Collected data
----------------------------------------
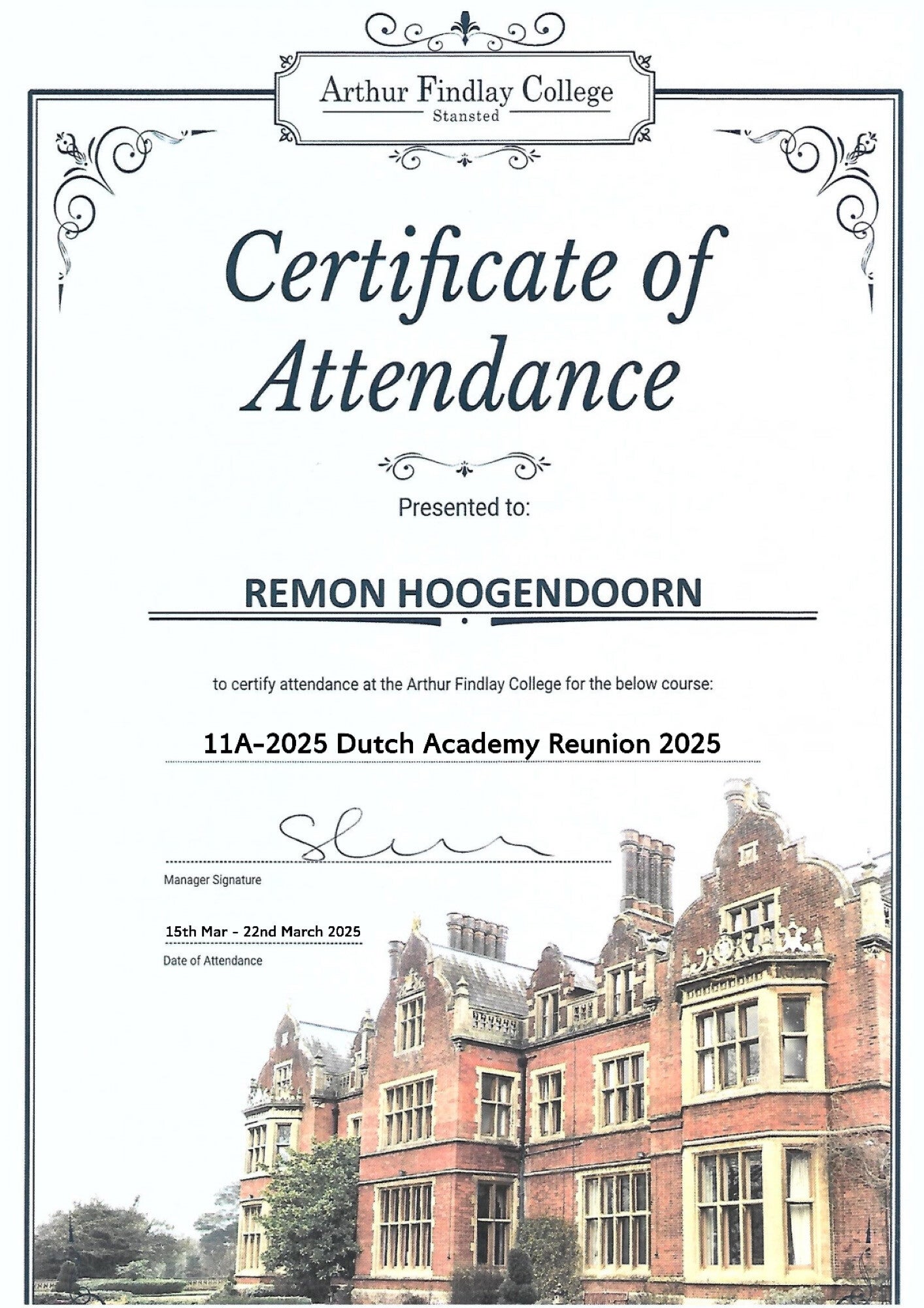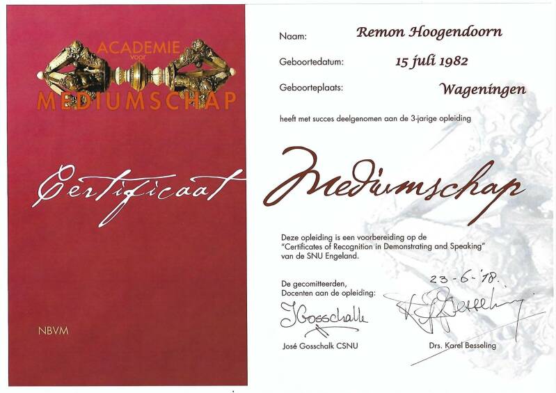 Ik heb mijn diploma behaald voor de 3-jarige beroepsopleiding aan de Academie voor Mediumschap te Naarden. Tijdens mijn studie heb ik hard gewerkt. Ik heb les gehad van docenten uit het befaamde het Arthur Findlay College, zaaldemonstraties gegeven en ik heb deelgenomen aan verschillende academieweken.
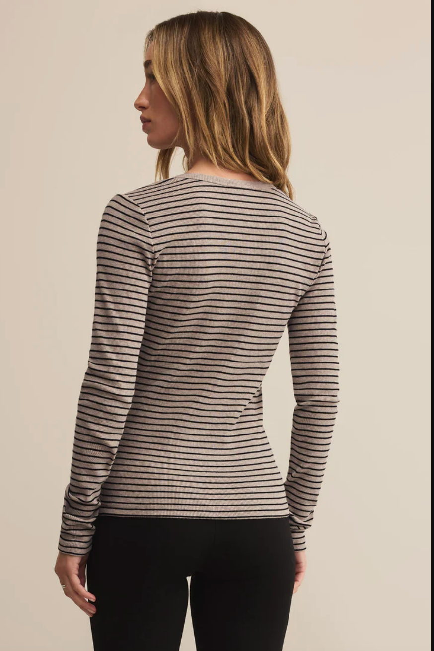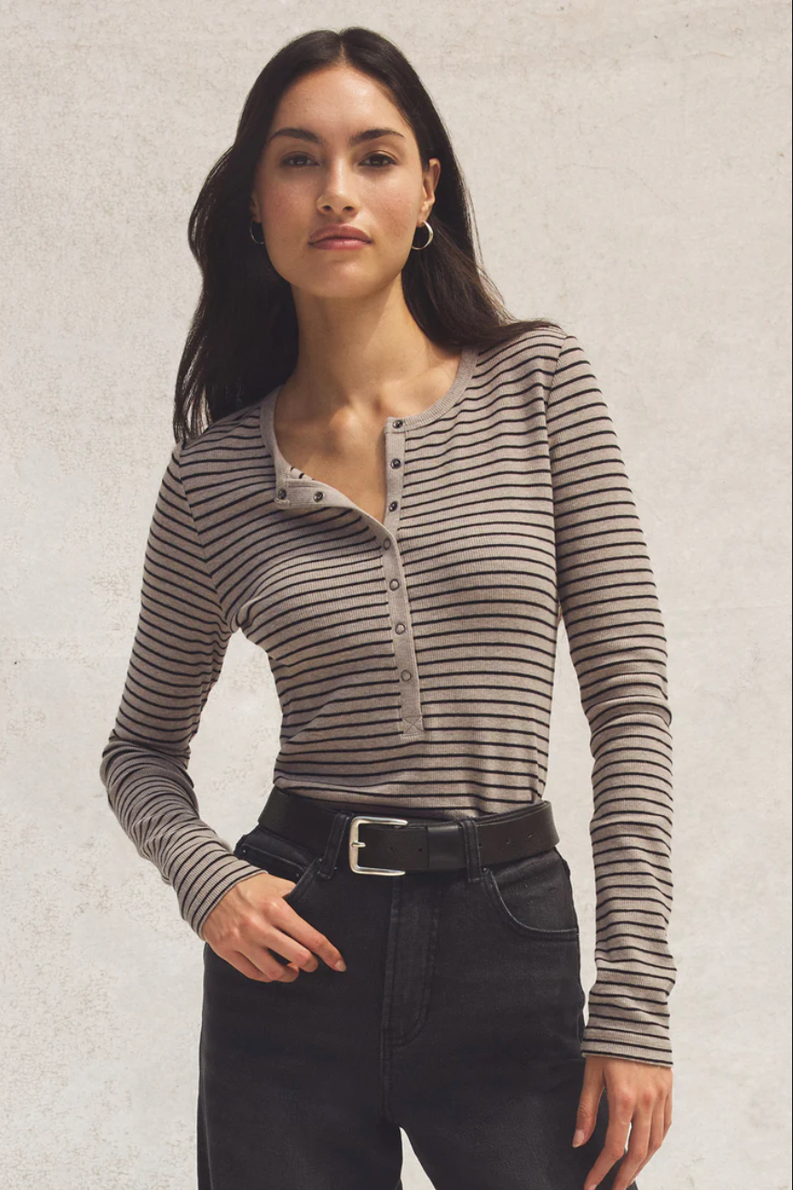 A fresh twist on a favorite silhouette. This striped henley is made from a lightweight cotton modal rib with a close-to-the-body fit, soft stretch, and a snap-front neckline that makes styling effortless.
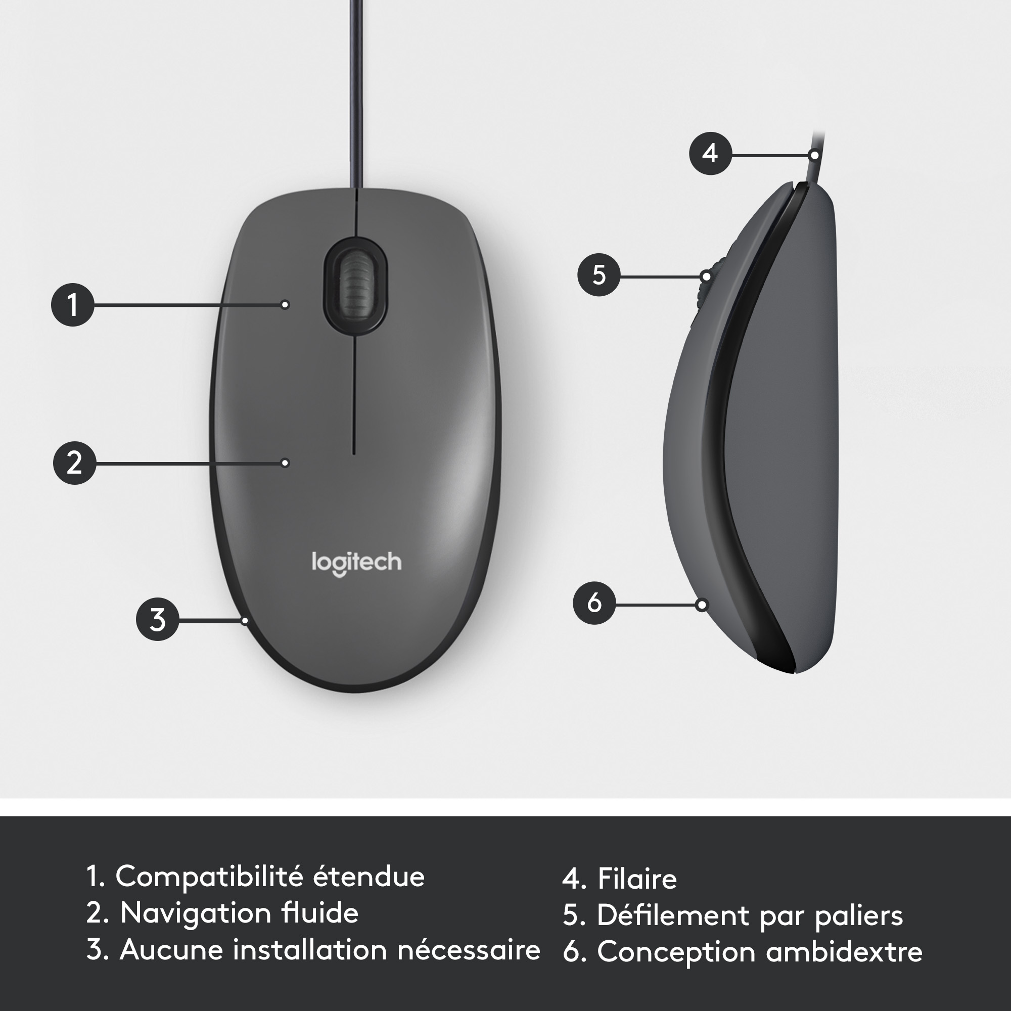 | Libellé | Logitech M100 Souris USB Filaire, Ambidextre - Grise |
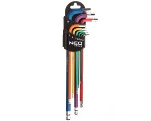 W obszernym zestawie znajduje się 9 kluczy sześciokątnych 1.5 mm, 2 mm, 2.5 mm, 3 mm, 4 mm, 5 mm, 6 mm, 8 mm i 10 mm. Produkty doskonale nadają się do różnego rodzaju prac remontowych, wykończeniowych czy instalatorskich. Klucze wyróżnia wygodna, kompaktowa konstrukcja. Prezentowany zestaw jest niezbędny w każdym garażu czy warsztacie. Marka NEO należy do polskiej Grupy TOPEX, którą cechuje poszanowanie norm i standardów najwyższej jakości i bezpieczeństwa.
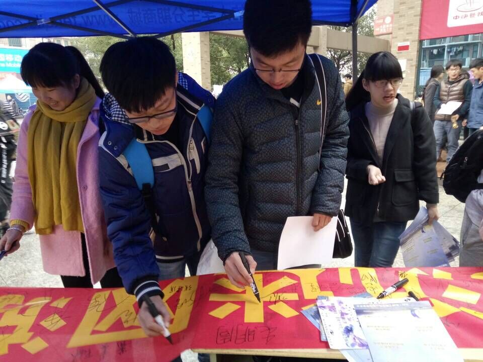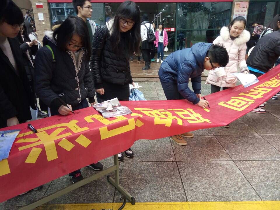 为增强校园文化氛围,提高学生自身精神素质,警醒同学切勿沉迷网络。12月21日中午,机械工程学院公寓自律委员会在食堂门口设点举行千人签名之“拒绝沉迷网络游戏”活动。
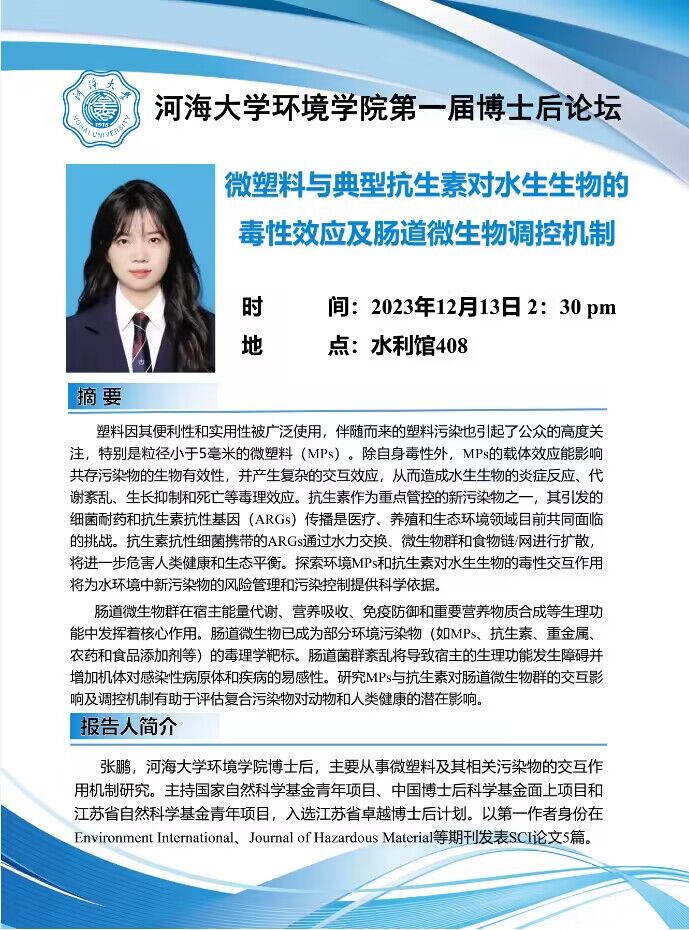 瓜子tv 第一届博士后论坛:微塑料与典型抗生素对水生生物的毒性效应及肠道微生物调控机制
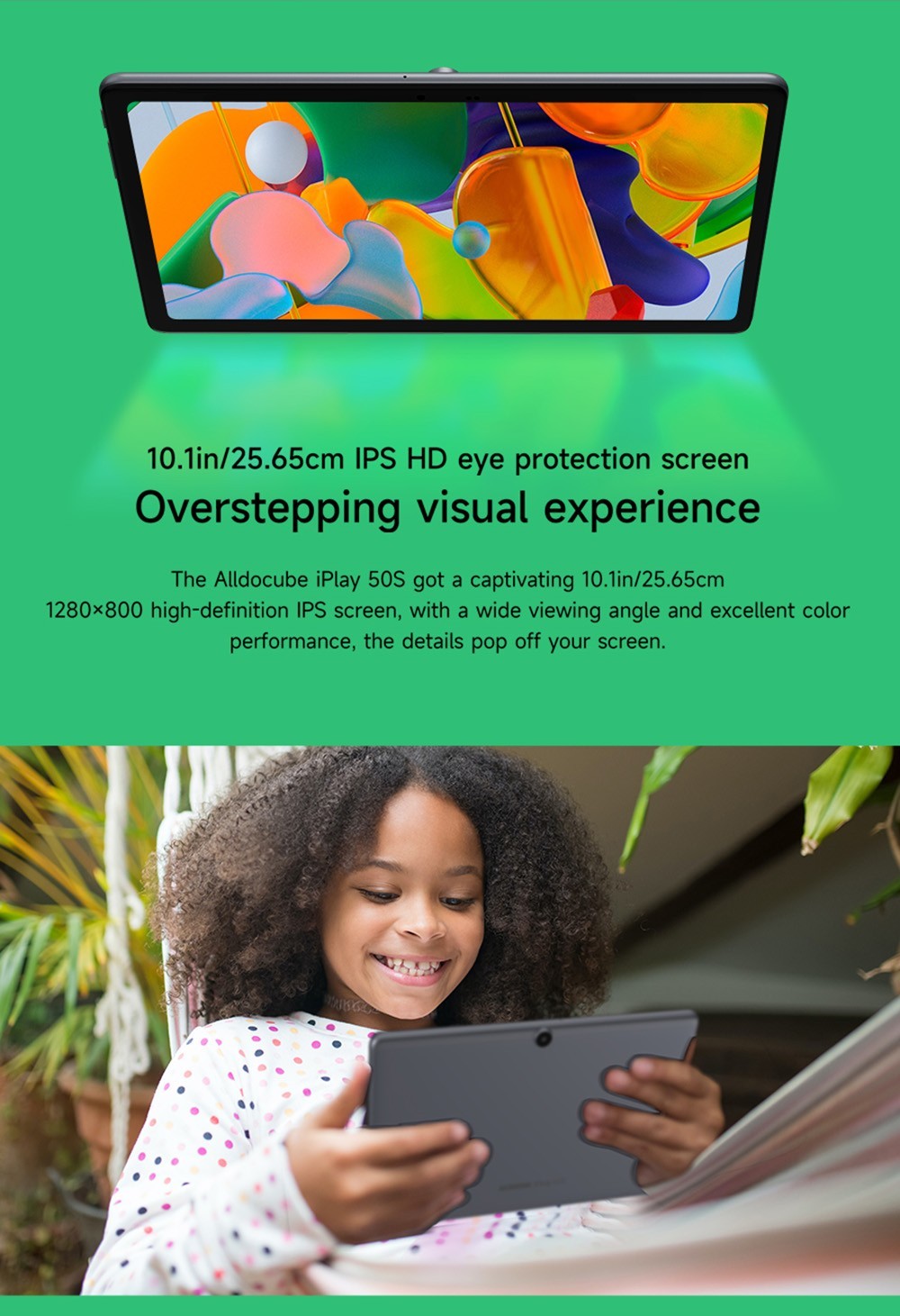 The Alldocube iPlay 50S got a captivating 10.1in/25.65cm 1280×800 high-definition IPS screen, with a wide viewing angle and excellent color performance, the details pop off your screen.
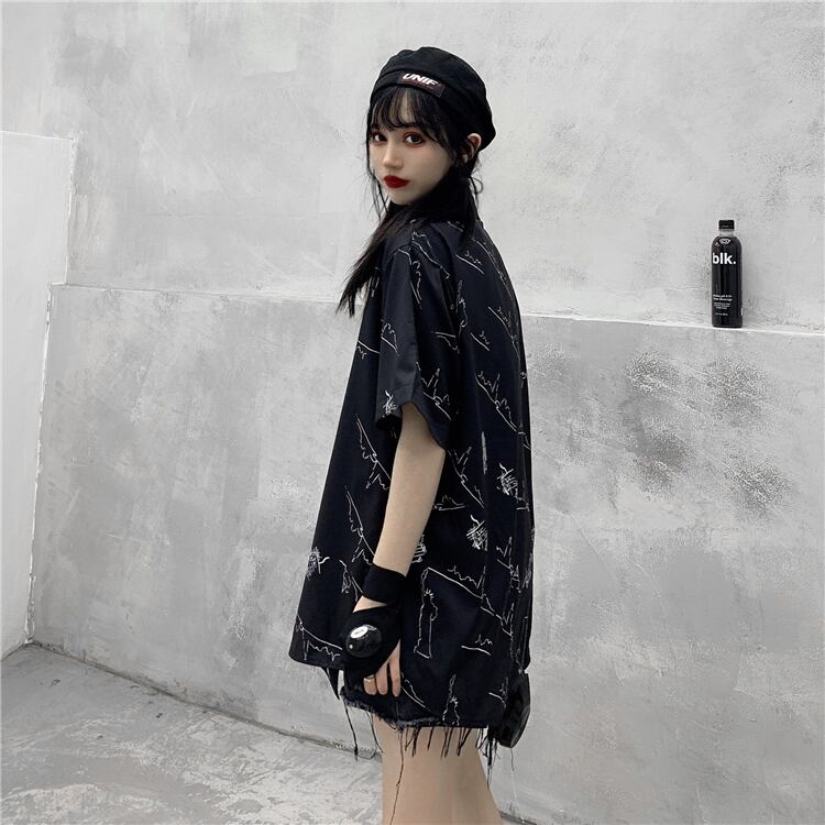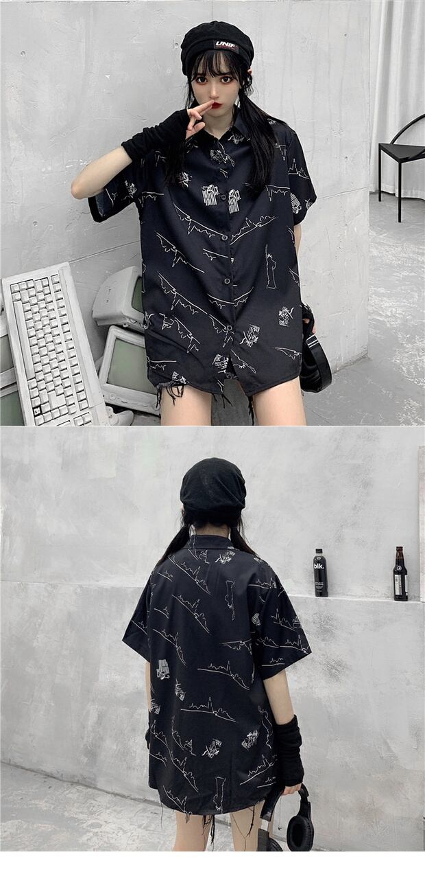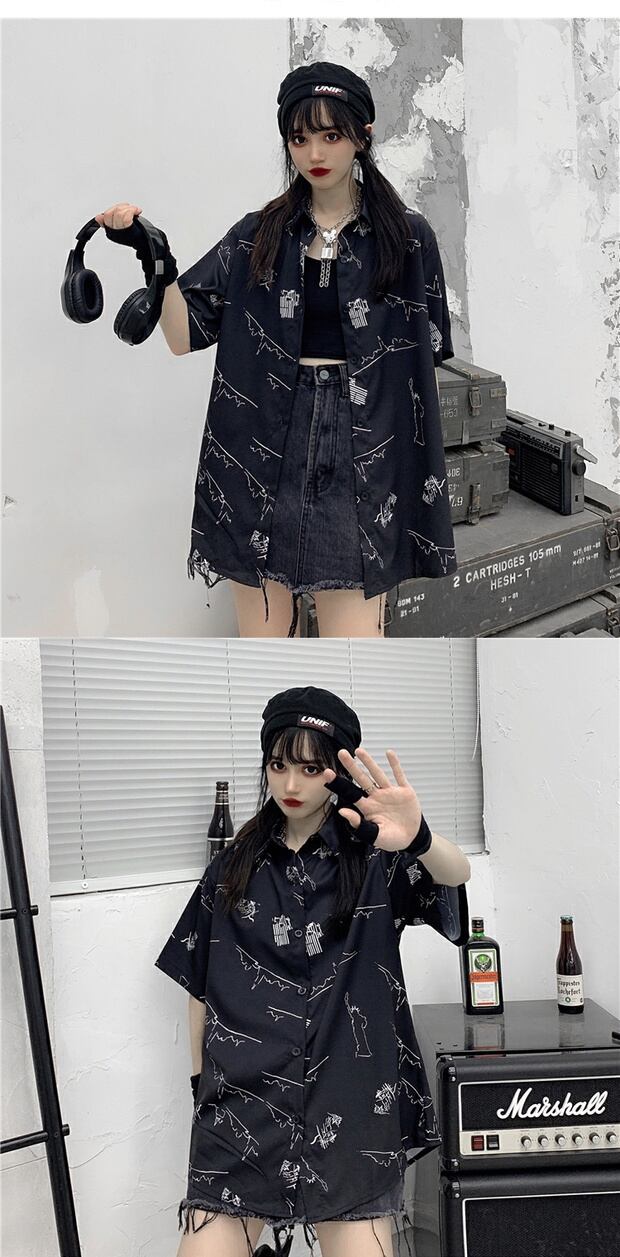 ダークルーズカジュアルサマープリントシャツ スタンダード レトロ 夏物 ケッペル18639208448
----------------------------------------
Copy the data above word for word. Pictures stay out.

# Exercise output:
 Ik heb mijn diploma behaald voor de 3-jarige beroepsopleiding aan de Academie voor Mediumschap te Naarden. Tijdens mijn studie heb ik hard gewerkt. Ik heb les gehad van docenten uit het befaamde het Arthur Findlay College, zaaldemonstraties gegeven en ik heb deelgenomen aan verschillende academieweken.
 A fresh twist on a favorite silhouette. This striped henley is made from a lightweight cotton modal rib with a close-to-the-body fit, soft stretch, and a snap-front neckline that makes styling effortless.
 | Libellé | Logitech M100 Souris USB Filaire, Ambidextre - Grise |
 W obszernym zestawie znajduje się 9 kluczy sześciokątnych 1.5 mm, 2 mm, 2.5 mm, 3 mm, 4 mm, 5 mm, 6 mm, 8 mm i 10 mm. Produkty doskonale nadają się do różnego rodzaju prac remontowych, wykończeniowych czy instalatorskich. Klucze wyróżnia wygodna, kompaktowa konstrukcja. Prezentowany zestaw jest niezbędny w każdym garażu czy warsztacie. Marka NEO należy do polskiej Grupy TOPEX, którą cechuje poszanowanie norm i standardów najwyższej jakości i bezpieczeństwa.
 为增强校园文化氛围,提高学生自身精神素质,警醒同学切勿沉迷网络。12月21日中午,机械工程学院公寓自律委员会在食堂门口设点举行千人签名之“拒绝沉迷网络游戏”活动。
 瓜子tv 第一届博士后论坛:微塑料与典型抗生素对水生生物的毒性效应及肠道微生物调控机制
 The Alldocube iPlay 50S got a captivating 10.1in/25.65cm 1280×800 high-definition IPS screen, with a wide viewing angle and excellent color performance, the details pop off your screen.
 ダークルーズカジュアルサマープリントシャツ スタンダード レトロ 夏物 ケッペル18639208448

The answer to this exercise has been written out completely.